* Prompt: Without the pictures, output the records below word for word.

::::::::::

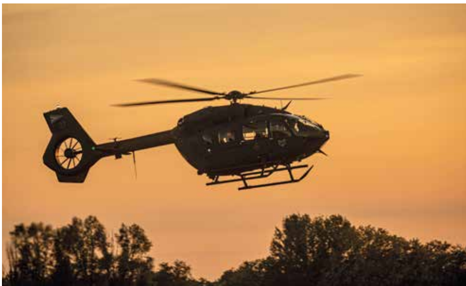
H145M helikopter naplementében

A honvédségnek erősítenie kell társadalmi kapcsolatait, és mind a fiatalok, mind az obsitosok a társadalom, az ország polgárai. Az obsitosok a rendezvényeken meg tudják mutatni, hogy még mindig hűek a maguk elé tűzött célokhoz, élethivatáshoz. Példát adnak a fiataloknak. Egyaránt segítheti a munkánkat, ha megjelennek a közösségi életben, illetve ha részt vesznek a gyakorlati és elméleti oktatásban. Ezzel most nem azt mondom, hogy az obsitos katonának azt kell tanítania, amit annak idején ő tanult, hiszen azóta sok minden változott. De elmondják, hogyan éltek meg különböző élethelyzeteket, hogyan oldották meg az adott helyzetekben jelentkező problémákat, amivel sokat tudnak segíteni, hiszen a problémamegoldó gondolkodáshoz elengedhetetlen a tapasztalatok, észrevételek, hagyományok, módszerek ismerete. Ezek alapján mindig tovább lehet lépni. Tehát a pályára irányító munkájukkal tudnak bennünket támogatni, ami egyébként az önkéntes katonai szolgálatnál is rendkívül fontos. Ezen a téren is nagyon szépen növekszik a szol-
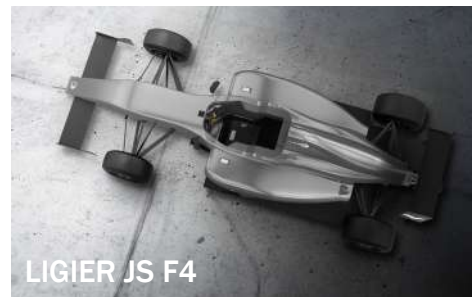
LIGIER JS F4
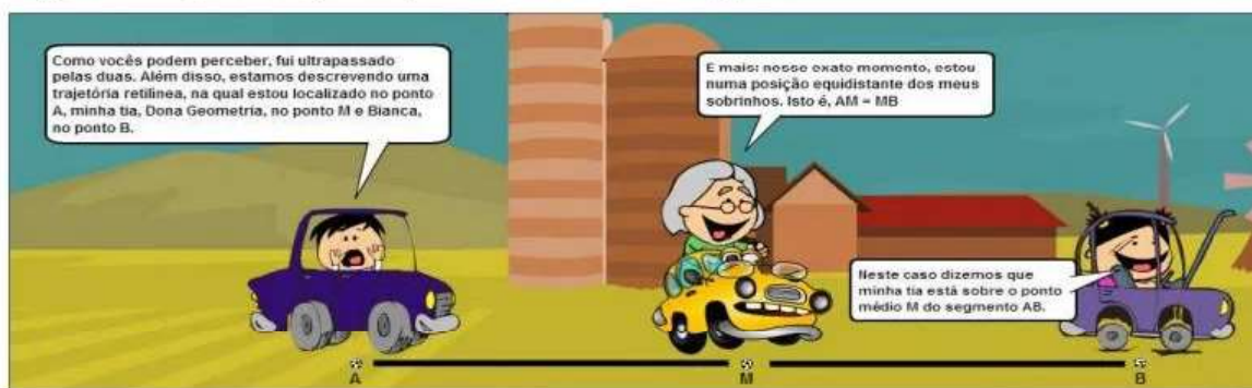
Figura 3 - Apresentação do ponto médio de um segmento

Na HQ 4 , intitulada Dona Geometria em: subindo mais um degrau , ocorre o estudo dos axiomas de medição de ângulos e das suas consequências. Na história, Dona Geometria tem a companhia de dois amigos, Ana Bissetriz (uma executiva que sonhava em ser bailarina) e Ângelo Agudo (um arquiteto que gostaria de dar aulas de Desenho Geométrico). Nas últimas tirinhas da HQ apresentam-se os conceitos de bissetriz, diagonal e perímetro de um polígono e a classificação dos polígonos quanto ao número de lados. A figura 4 apresenta uma tirinha da HQ.
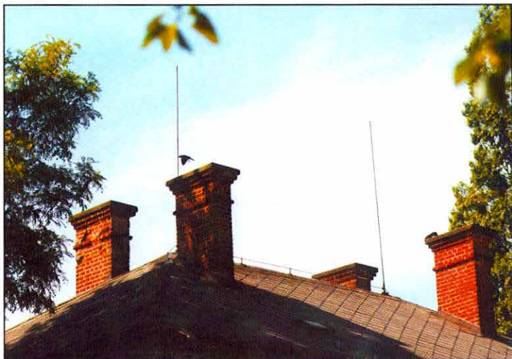
Obr. 3: Hnízdiště kavky obecné ( Corvus monedula ) na pardubickém lihovaru.

Fig. 3: A breeding place of the Jackdaw ( Corvus monedula ) on a distillery in Pardubice.
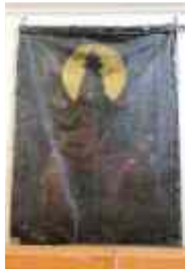
L’antico stendardo di cuoio della Congrega
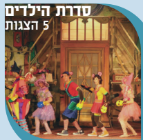
סדרת הילדים סדרת מוסיקה 3 מופעים
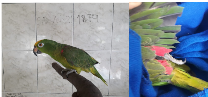
Foto 2. Oficina de Enlace de Secretaría Distrital de Ambiente, procedimiento de un (1) individuo de la especie lora real ( Amazona ochrocephala ). Foto 3. Nótese la mutilación de las plumas de los miembros superiores

Valoración técnica inicial del espécimen: ejemplar vivo, adulto viejo, sexo indeterminado, con vocalización anormal, temperamento agresivo, actitud alerta, presentaba habituamiento, condición corporal 3,5/5, hidratación normal. Presentaba mutilación de plumas bilaterales. Informa que la alimentaba con pan, arepa, maduro y agua. Nunca le hizo tratamiento veterinario. (Foto 3)
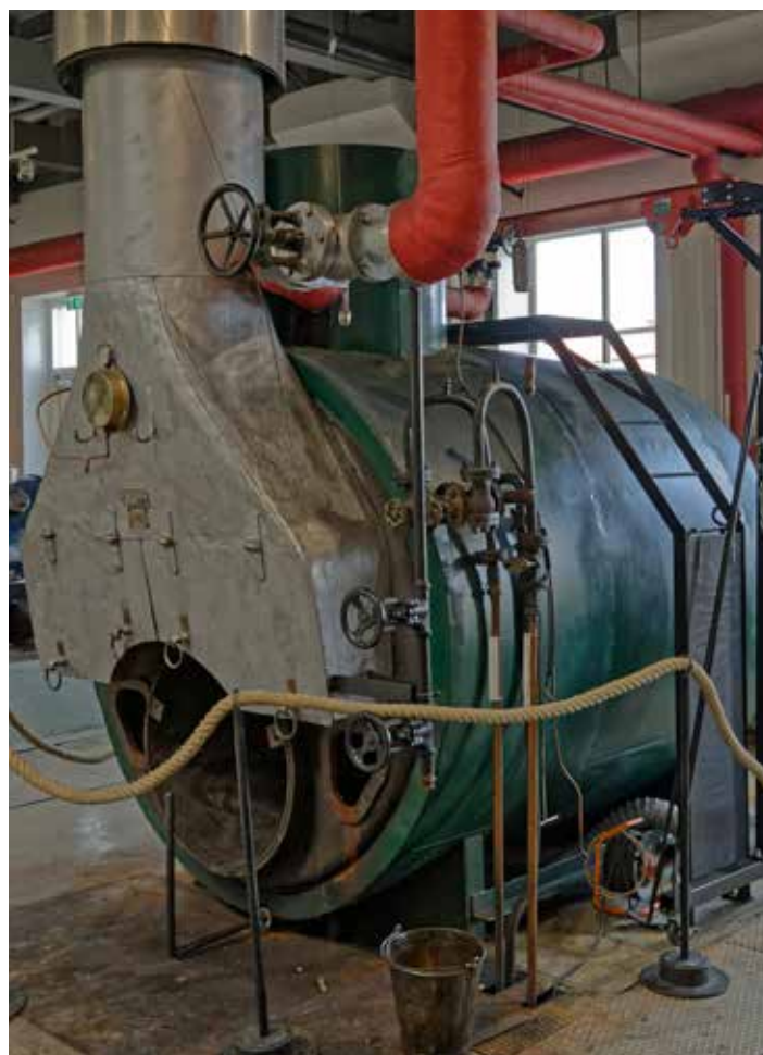
Ångpannan som man eldar i när ångmaskinerna körs.

Det finns en hel sal fylld med olika ångmaskiner. De var avsedda för att driva verkstäder med mekanisk remdrift eller
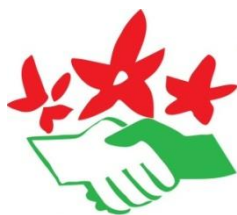
NATURFREUNDE AMIS DE LA NATURE NATUREFRIENDS INTERNATIONAL
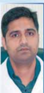
د/ شاجمان BDS, MDS الأسنان
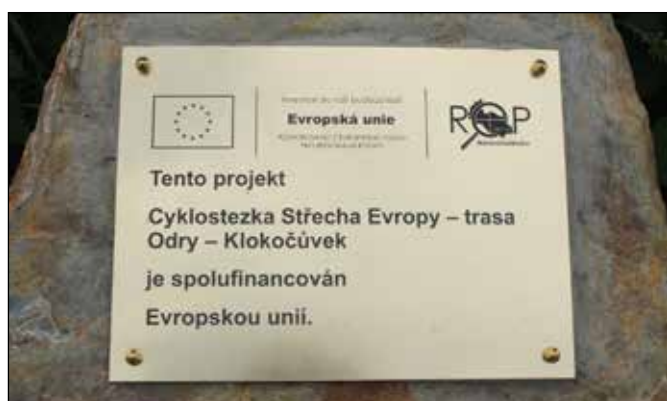
Pamětní deska k projektu na začátku cyklostezky.

V červenci byly mezi městem Ody a jeho místní částí Klokočůvek dokončeny nové úseky cyklostezky „Střecha Evropy“, která je v terénu vyznačena jako součást regionální cyklotrasy č. 503 „Odersko“. Ta začíná ve Starém Jičíně, prochází Moravskou bránou a pak protíná kolem přehrady Slezská Harta celý Nizký Jeseník a končí u Krnova. Nově otevřené úseky umožní vyhnout se úzké ulici Nadační v Odřích, kde se cyklisté stěželi vyhýbali autům, a především nabídnou bezpečnější jízdu z Jakubčovic n. O. do Heřmáněk a dále do Klokočůvku mimo hlavní silnici II/442. V tomto článku si vám dovoluji nabídnout přehled zajímavostí, které podél těchto nových úseků cyklotrasy můžete vidět.
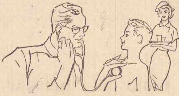
PEDIATRIA — (Moléstias de Crianças)

CIRURGIA GERAL E GINECOLÓGICA CLÍNICA DE SENHORAS RUA: SIQUEIRA CAMPOS, 810 TEL/ 3248 — A NOITE 3022
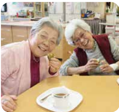
喜びがあふれています

利用者の皆さまに好評な「おやつバイキング」を行いました。「おやつが何種類もあって、選ぶ楽しみがあった嬉しい」と、喜んでいただけました。管理栄養士の手作りメニューも楽しみのひとつになっており、今回のメニューは「焼きプリン」。初めて口にされる利用者様もおられ、その感動を利用者様同士で話している姿が、とても印象的でした。
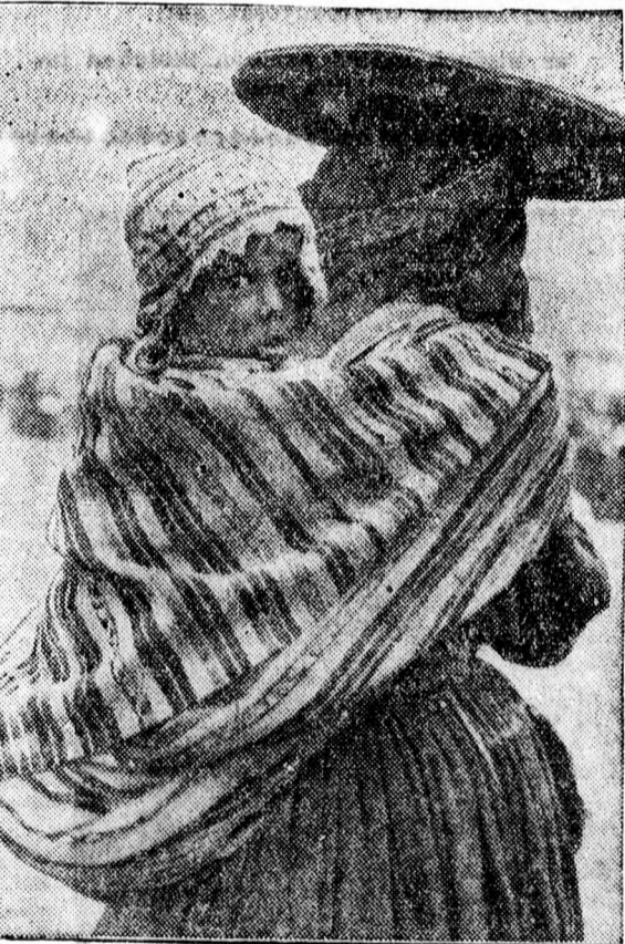
Indián anya, aki „ponchónak” nevezett kendőben, a hátán hordja kigyermekét. Az anyai szeretet egy éredek példaképe

* Felvétel az oradeai Szent József fiúnevelő Intézetbe. Az oradeai Szent József fiúnevelő intézet felvesz elemi, Gojdu liceum román és magyar tagozatára és kereskedelmi liceumba járó rendez bentlakó növendékeket. Egészséges lelki és testi nevelés, gondos felügyelet, naponként többszöri egyéni és csoportos korrepetálás, igen jó ellátás és állandó orvosi felügyelet. A hely biztosítása céljából tanácsos a növendékeket minél előbb előjegyeztetni. Tájékoztatót készséggel küld a Szent József fiúnevelő intézet igazgatósága, Oradea, Str. Brătianu 7.

::::::::::

* Exercise output:
H145M helikopter naplementében

A honvédségnek erősítenie kell társadalmi kapcsolatait, és mind a fiatalok, mind az obsitosok a társadalom, az ország polgárai. Az obsitosok a rendezvényeken meg tudják mutatni, hogy még mindig hűek a maguk elé tűzött célokhoz, élethivatáshoz. Példát adnak a fiataloknak. Egyaránt segítheti a munkánkat, ha megjelennek a közösségi életben, illetve ha részt vesznek a gyakorlati és elméleti oktatásban. Ezzel most nem azt mondom, hogy az obsitos katonának azt kell tanítania, amit annak idején ő tanult, hiszen azóta sok minden változott. De elmondják, hogyan éltek meg különböző élethelyzeteket, hogyan oldották meg az adott helyzetekben jelentkező problémákat, amivel sokat tudnak segíteni, hiszen a problémamegoldó gondolkodáshoz elengedhetetlen a tapasztalatok, észrevételek, hagyományok, módszerek ismerete. Ezek alapján mindig tovább lehet lépni. Tehát a pályára irányító munkájukkal tudnak bennünket támogatni, ami egyébként az önkéntes katonai szolgálatnál is rendkívül fontos. Ezen a téren is nagyon szépen növekszik a szol-
LIGIER JS F4
Figura 3 - Apresentação do ponto médio de um segmento

Na HQ 4 , intitulada Dona Geometria em: subindo mais um degrau , ocorre o estudo dos axiomas de medição de ângulos e das suas consequências. Na história, Dona Geometria tem a companhia de dois amigos, Ana Bissetriz (uma executiva que sonhava em ser bailarina) e Ângelo Agudo (um arquiteto que gostaria de dar aulas de Desenho Geométrico). Nas últimas tirinhas da HQ apresentam-se os conceitos de bissetriz, diagonal e perímetro de um polígono e a classificação dos polígonos quanto ao número de lados. A figura 4 apresenta uma tirinha da HQ.
Obr. 3: Hnízdiště kavky obecné ( Corvus monedula ) na pardubickém lihovaru.

Fig. 3: A breeding place of the Jackdaw ( Corvus monedula ) on a distillery in Pardubice.
L’antico stendardo di cuoio della Congrega
סדרת הילדים סדרת מוסיקה 3 מופעים
Foto 2. Oficina de Enlace de Secretaría Distrital de Ambiente, procedimiento de un (1) individuo de la especie lora real ( Amazona ochrocephala ). Foto 3. Nótese la mutilación de las plumas de los miembros superiores

Valoración técnica inicial del espécimen: ejemplar vivo, adulto viejo, sexo indeterminado, con vocalización anormal, temperamento agresivo, actitud alerta, presentaba habituamiento, condición corporal 3,5/5, hidratación normal. Presentaba mutilación de plumas bilaterales. Informa que la alimentaba con pan, arepa, maduro y agua. Nunca le hizo tratamiento veterinario. (Foto 3)
Ångpannan som man eldar i när ångmaskinerna körs.

Det finns en hel sal fylld med olika ångmaskiner. De var avsedda för att driva verkstäder med mekanisk remdrift eller
NATURFREUNDE AMIS DE LA NATURE NATUREFRIENDS INTERNATIONAL
د/ شاجمان BDS, MDS الأسنان
Pamětní deska k projektu na začátku cyklostezky.

V červenci byly mezi městem Ody a jeho místní částí Klokočůvek dokončeny nové úseky cyklostezky „Střecha Evropy“, která je v terénu vyznačena jako součást regionální cyklotrasy č. 503 „Odersko“. Ta začíná ve Starém Jičíně, prochází Moravskou bránou a pak protíná kolem přehrady Slezská Harta celý Nizký Jeseník a končí u Krnova. Nově otevřené úseky umožní vyhnout se úzké ulici Nadační v Odřích, kde se cyklisté stěželi vyhýbali autům, a především nabídnou bezpečnější jízdu z Jakubčovic n. O. do Heřmáněk a dále do Klokočůvku mimo hlavní silnici II/442. V tomto článku si vám dovoluji nabídnout přehled zajímavostí, které podél těchto nových úseků cyklotrasy můžete vidět.
PEDIATRIA — (Moléstias de Crianças)

CIRURGIA GERAL E GINECOLÓGICA CLÍNICA DE SENHORAS RUA: SIQUEIRA CAMPOS, 810 TEL/ 3248 — A NOITE 3022
喜びがあふれています

利用者の皆さまに好評な「おやつバイキング」を行いました。「おやつが何種類もあって、選ぶ楽しみがあった嬉しい」と、喜んでいただけました。管理栄養士の手作りメニューも楽しみのひとつになっており、今回のメニューは「焼きプリン」。初めて口にされる利用者様もおられ、その感動を利用者様同士で話している姿が、とても印象的でした。
Indián anya, aki „ponchónak” nevezett kendőben, a hátán hordja kigyermekét. Az anyai szeretet egy éredek példaképe

* Felvétel az oradeai Szent József fiúnevelő Intézetbe. Az oradeai Szent József fiúnevelő intézet felvesz elemi, Gojdu liceum román és magyar tagozatára és kereskedelmi liceumba járó rendez bentlakó növendékeket. Egészséges lelki és testi nevelés, gondos felügyelet, naponként többszöri egyéni és csoportos korrepetálás, igen jó ellátás és állandó orvosi felügyelet. A hely biztosítása céljából tanácsos a növendékeket minél előbb előjegyeztetni. Tájékoztatót készséggel küld a Szent József fiúnevelő intézet igazgatósága, Oradea, Str. Brătianu 7.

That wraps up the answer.